Древние греки приносили на могилу своих мертвецов пироги, молоко и вино. Мы же, обольщенные более изысканной, если не более скромной мечтой, приносим им цветы и книги. Я отдаю вам эту книгу прежде всего потому, что она иллюстрирована[2]. Несмотря на «легенды», она будет если не прочтена, то, во всяком случае, просмотрена всеми почитателями великой художницы, сделавшей мне с такой простотой этот великолепный подарок; та, о которой можно было бы сказать словами Дюма: «Это она после Бога создала наибольшее количество роз».
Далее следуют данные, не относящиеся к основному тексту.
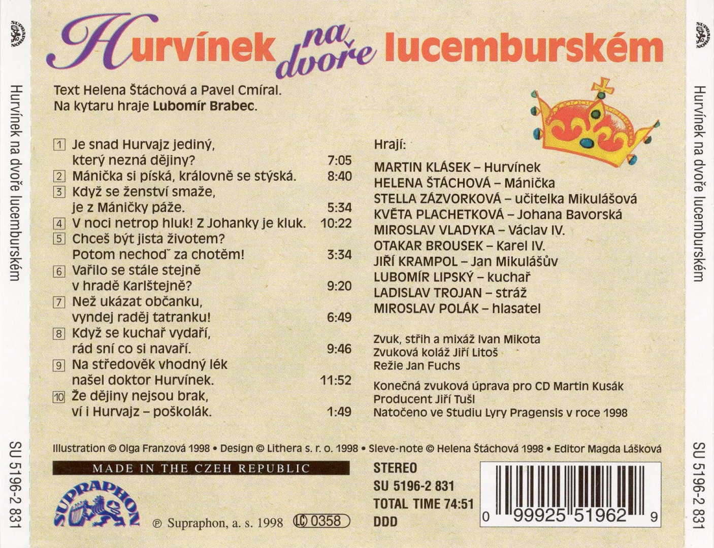 Helena Štáchová, ředitelka Divadla S+H, a scénárista Pavel Cmíral připravili v roce 1997 pro Supraphon projekt nové řady S+H, jejíž první díl HURVÍNEK MEZI PŘEMYSLOVCI si rychle našel své posluchače. V druhém titulu plánované řady se Hurvínek s Máničkou ocitají na dvoře lucemburském, aby se skamarádili s mladým králem Václavem IV. (Miroslav Vladyka) a pomohli v nouzi samotnému Karlu IV. (Otakar Brousek st.). Pro další role velkoryse pojatého snímku vybral režisér Jan Fuchs Stellu Zázvorkovou (učitelka Mikulášová), Lubomíra Lipského (kuchař), Jiřího Krampola a další známé herce, kteří spolupracovali s protagonisty Divadla S+H (Helena Štáchová a Martin Klásek) se zjevnou chutí. Scénář zaujal i kytarového virtuosa Lubomíra Brabce, který se postaral o scénickou hudbu.

Я пожелал, чтобы на первой странице они увидели имя того, кого они не успели узнать и кем могли бы восхищаться. Я сам, дорогой друг, недолго знал вас. Я часто встречал вас в Булонском лесу; вы поджидали меня в тени деревьев, напоминая своим задумчивым, изящным видом одного из тех вельмож, которых писал Ван Дейк. Действительно, их изящество, так же как и ваше, кроется не столько в одежде, сколько в фигуре: кажется, будто ваша душа сообщает и непрерывно будет сообщать вашему телу это изящество. Это духовное изящество. К тому же все вокруг, вплоть до этого фона листвы, в тени которой Ван Дейк часто приостанавливал прогулку короля, подчеркивало это печальное сходство. Как и многим из тех, кто позировал ему, и вам суждено было рано умереть; и в ваших глазах тени предчувствия сменялись нежным сиянием покорности судьбе. Но если очарование вашего благородства родственно искусству Ван Дейка, таинственная интенсивность вашей духовной жизни напоминает Винчи. Часто, с поднятым пальцем, с непроницаемыми и улыбающимися глазами, глядящими в лицо тайне, о которой вы умалчивали, вы казались мне Иоанном Крестителем Леонардо. Мы мечтали тогда, почти создали план все более и более близкой совместной жизни в кругу великодушных и избранных мужчин и женщин, достаточно далеко от глупости, порока и злобы, для того чтобы чувствовать себя в безопасности от их пошлых стрел.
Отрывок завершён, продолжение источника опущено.